START DATA SUPPLIED

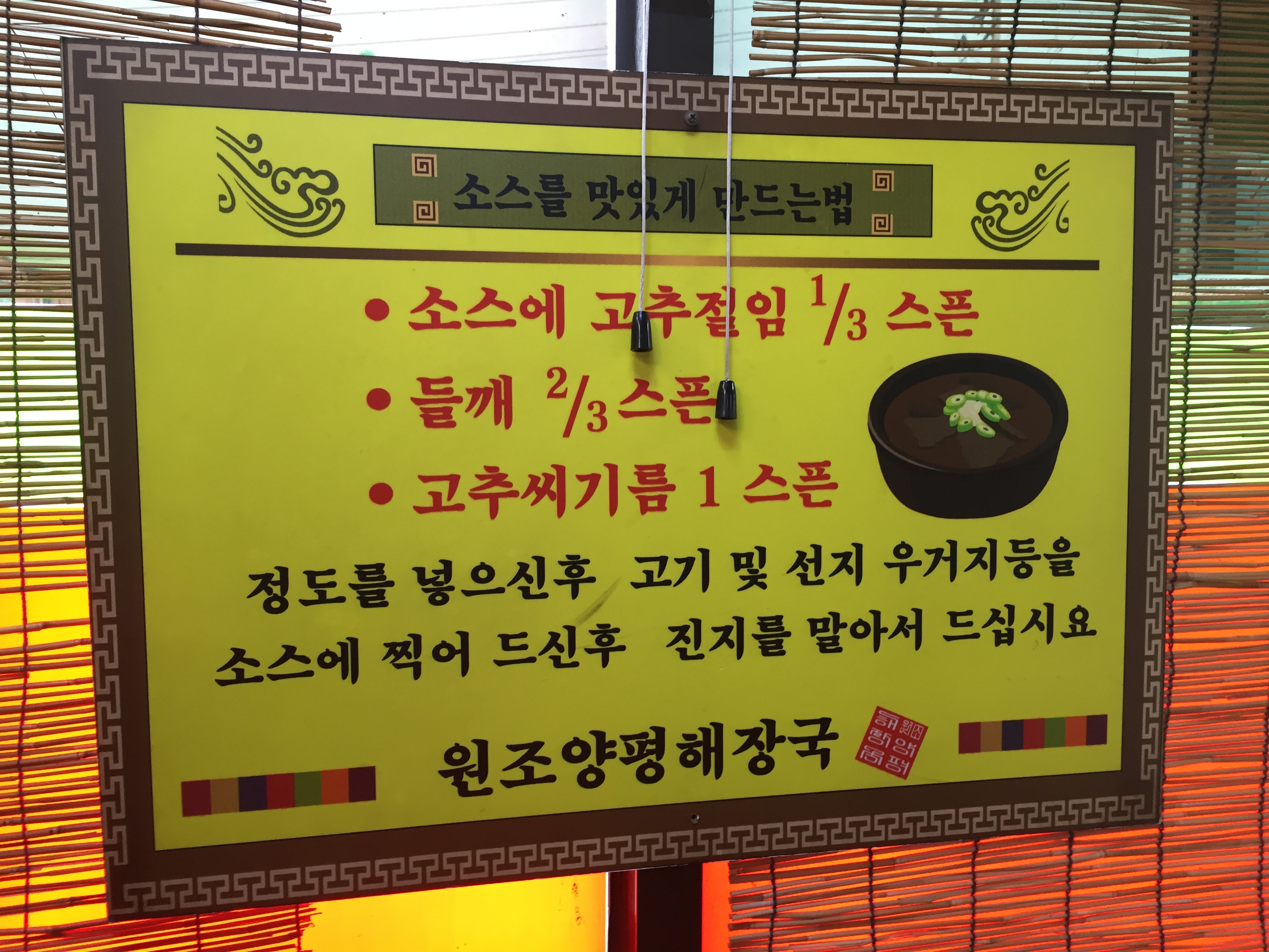 벽에 걸린 소스 만드는 법을 읽어봅니다.
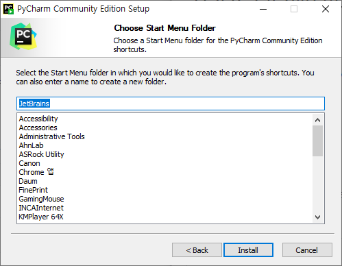 시작 메뉴 폴더를 설정하고, `Next`를 누르면 설치를 시작한다.
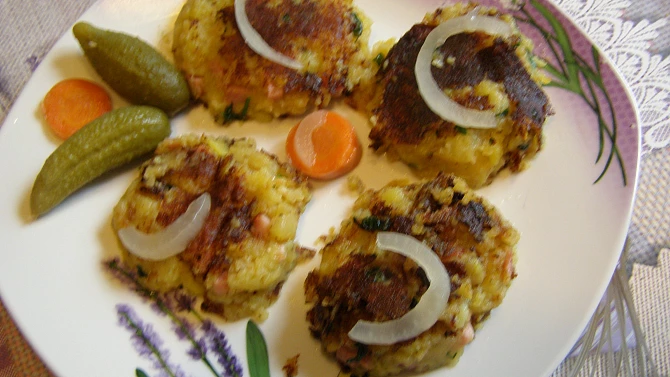 Bramborové placky jsou vylepšené medvědím česnekem. Je možné je vyzkoušet nejlépe na jaře, v době sezóny medvědího česneku. Výborný nápad na zpracování brambor z předešlého dne. Placičky potěší chutí i jednoduchostí přípravy.
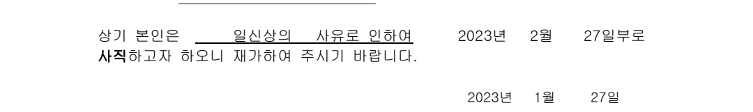 사직서 양식을 열어보니, 퇴사하는 날짜를 통보하게끔 되어있었고, 2월 25일에 나갈지, 26일에 나갈지, 27일에 나갈지 썼다 지웠다를 정말 여러 번 반복했다.
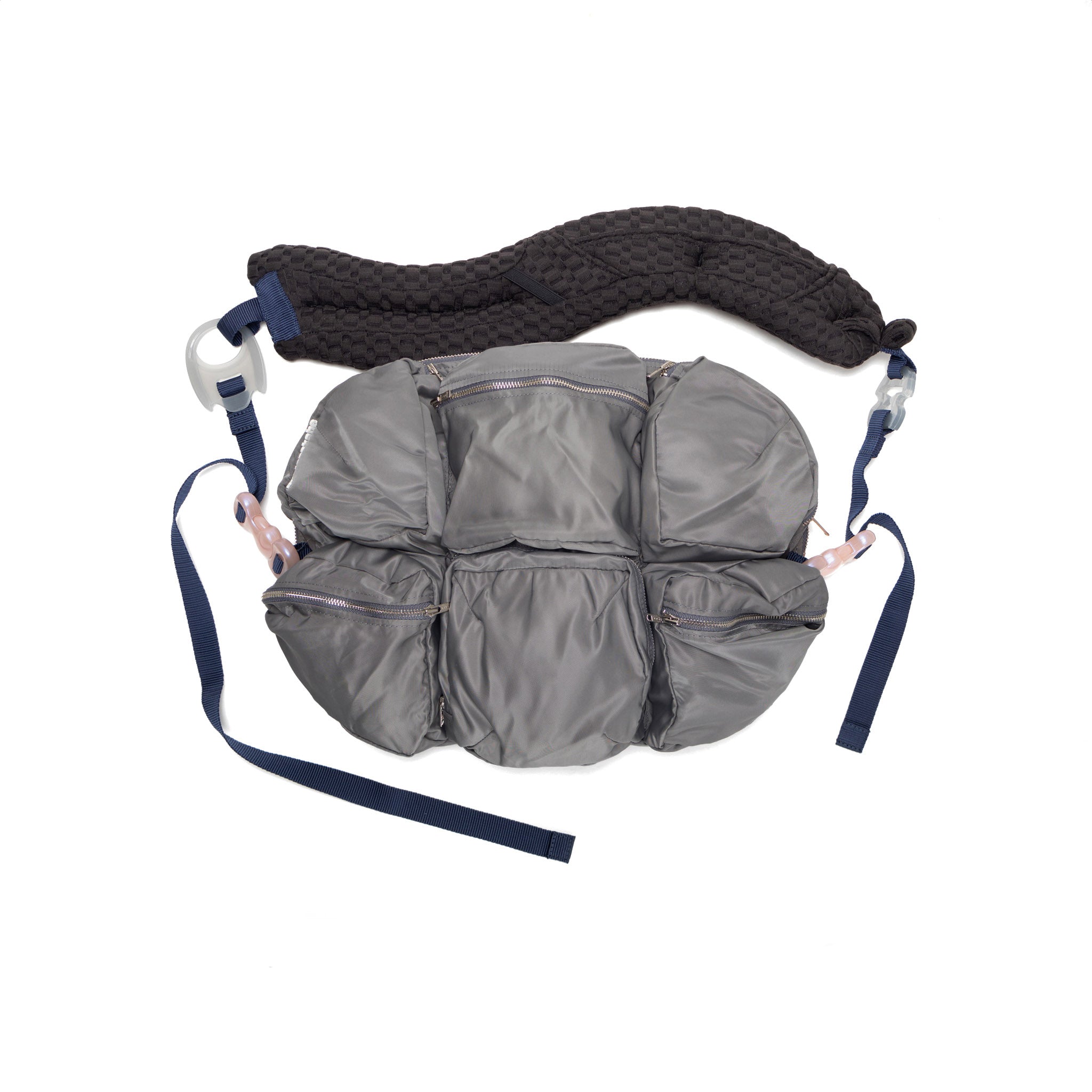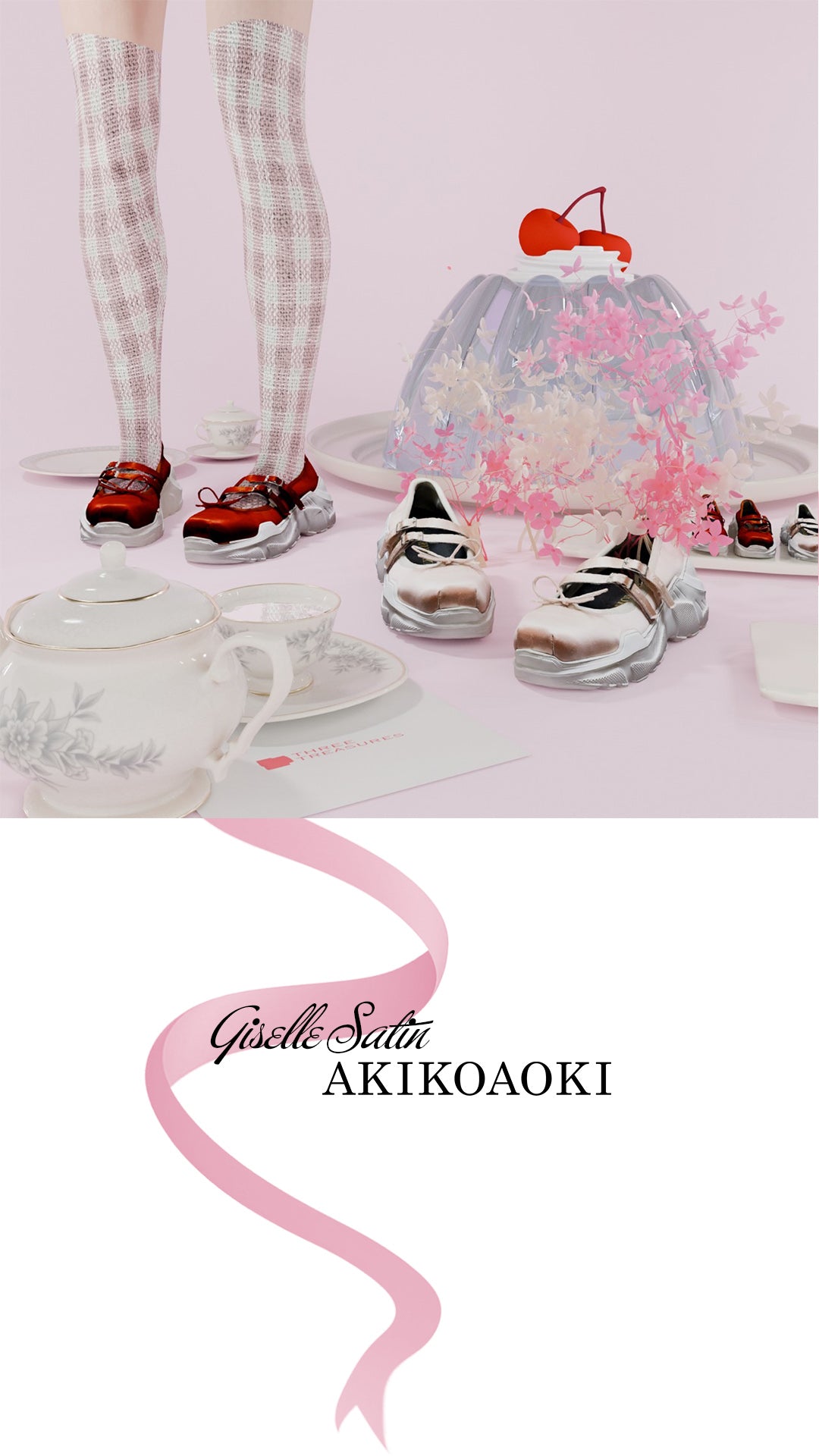 Jenny Fax × three treasures コラボレーションによるサテン素材のミニバッグ。
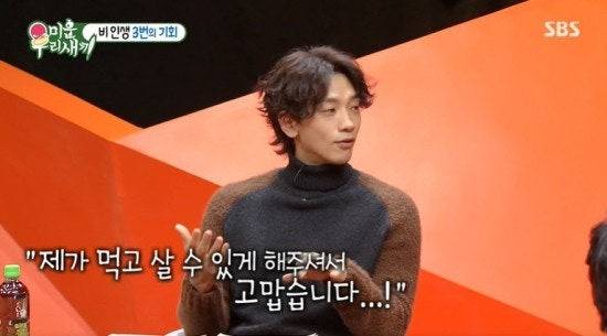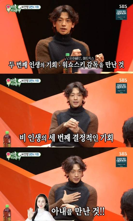 방송된 SBS '미운 우리 새끼'에 비가 스페셜 게스트로 출연해 박진영, 영화감독 릴리 워쇼스키와 라나 워쇼스키, 배우 김태희를 향한 고마움을 전했습니다.
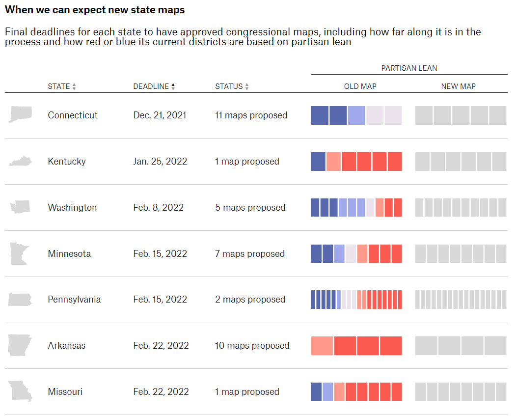 What Redistricting Looks Like in Every State is an updating tracker of proposed congressional maps. This is going to be a popular topic all year, and the interactive map by FiveThirtyEight shows how redistricting benefits Democrats or Republicans in the 2022 midterms and beyond. State and local governments are using information collected from the 2020 census report to redistrict each state. There are multiple states that have not been released yet however the graphic below shows the proposed dates for the next few updates.
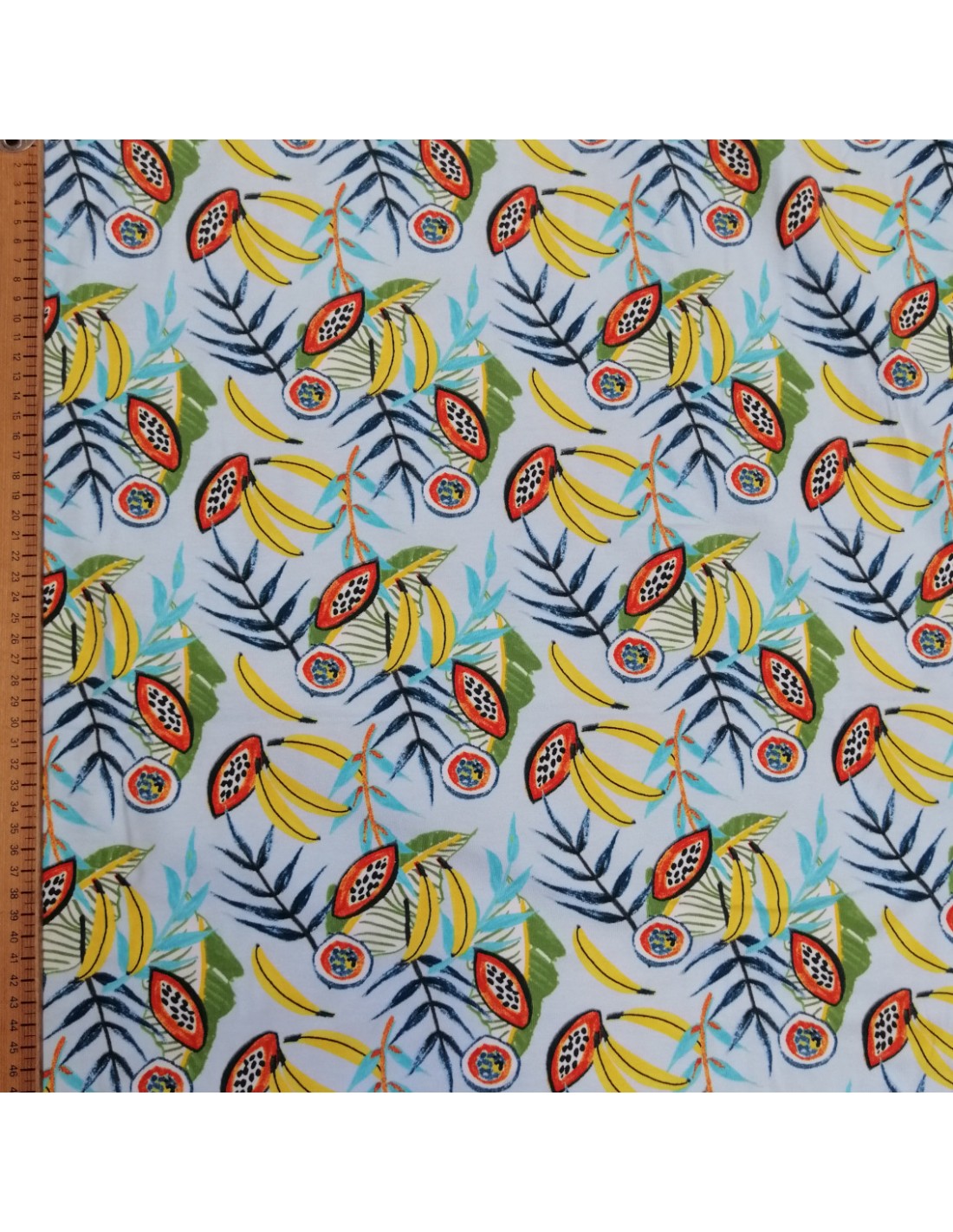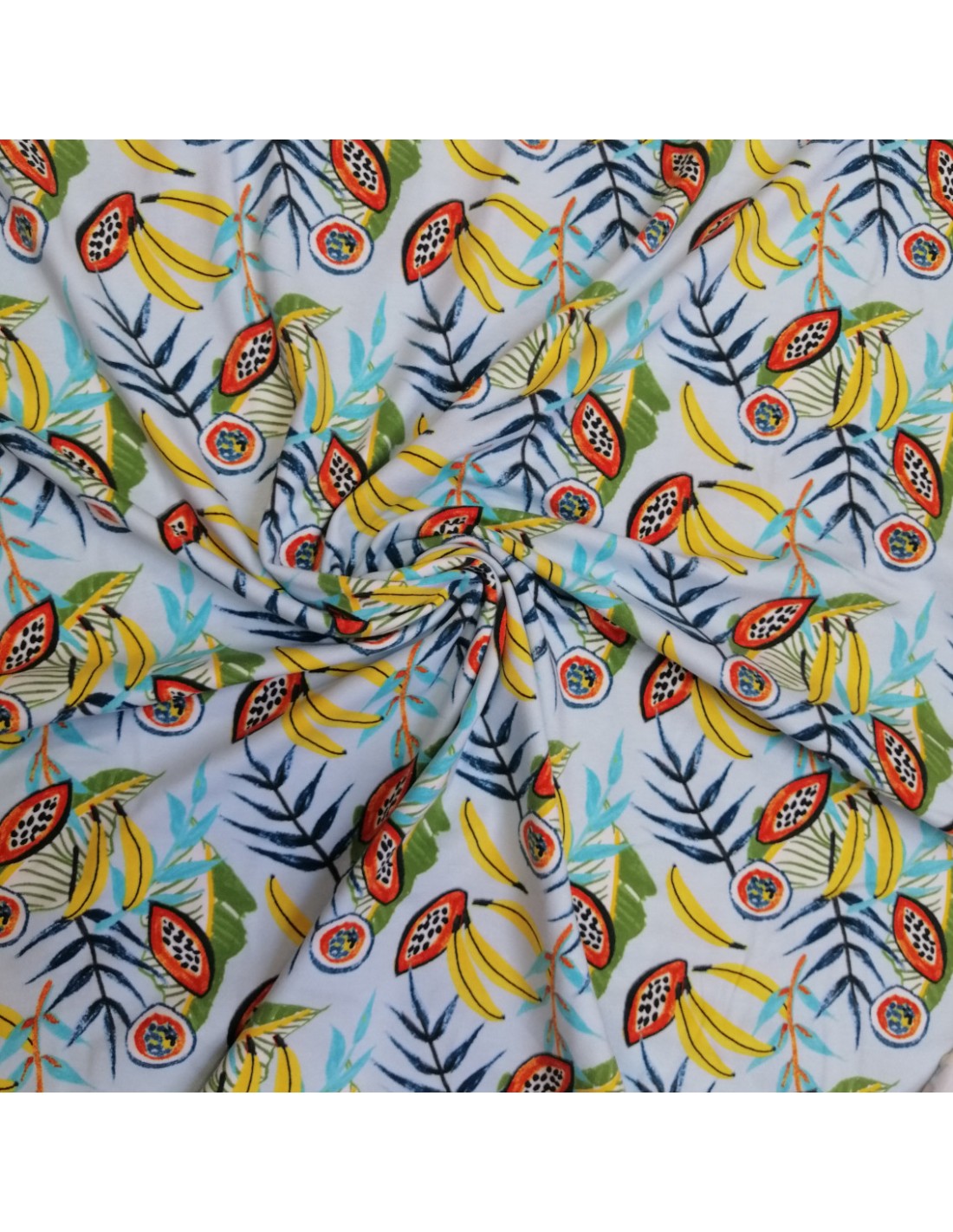 Jersey coton fruits exotiques bananes papaye passion fond bleu ciel

END DATA SUPPLIED

(WHAT IS NEEDED)
Set the preceding data down again word for word, omitting images.

(FINISHED EXERCISE)
 벽에 걸린 소스 만드는 법을 읽어봅니다.
 시작 메뉴 폴더를 설정하고, `Next`를 누르면 설치를 시작한다.
 Bramborové placky jsou vylepšené medvědím česnekem. Je možné je vyzkoušet nejlépe na jaře, v době sezóny medvědího česneku. Výborný nápad na zpracování brambor z předešlého dne. Placičky potěší chutí i jednoduchostí přípravy.
 사직서 양식을 열어보니, 퇴사하는 날짜를 통보하게끔 되어있었고, 2월 25일에 나갈지, 26일에 나갈지, 27일에 나갈지 썼다 지웠다를 정말 여러 번 반복했다.
 Jenny Fax × three treasures コラボレーションによるサテン素材のミニバッグ。
 방송된 SBS '미운 우리 새끼'에 비가 스페셜 게스트로 출연해 박진영, 영화감독 릴리 워쇼스키와 라나 워쇼스키, 배우 김태희를 향한 고마움을 전했습니다.
 What Redistricting Looks Like in Every State is an updating tracker of proposed congressional maps. This is going to be a popular topic all year, and the interactive map by FiveThirtyEight shows how redistricting benefits Democrats or Republicans in the 2022 midterms and beyond. State and local governments are using information collected from the 2020 census report to redistrict each state. There are multiple states that have not been released yet however the graphic below shows the proposed dates for the next few updates.
 Jersey coton fruits exotiques bananes papaye passion fond bleu ciel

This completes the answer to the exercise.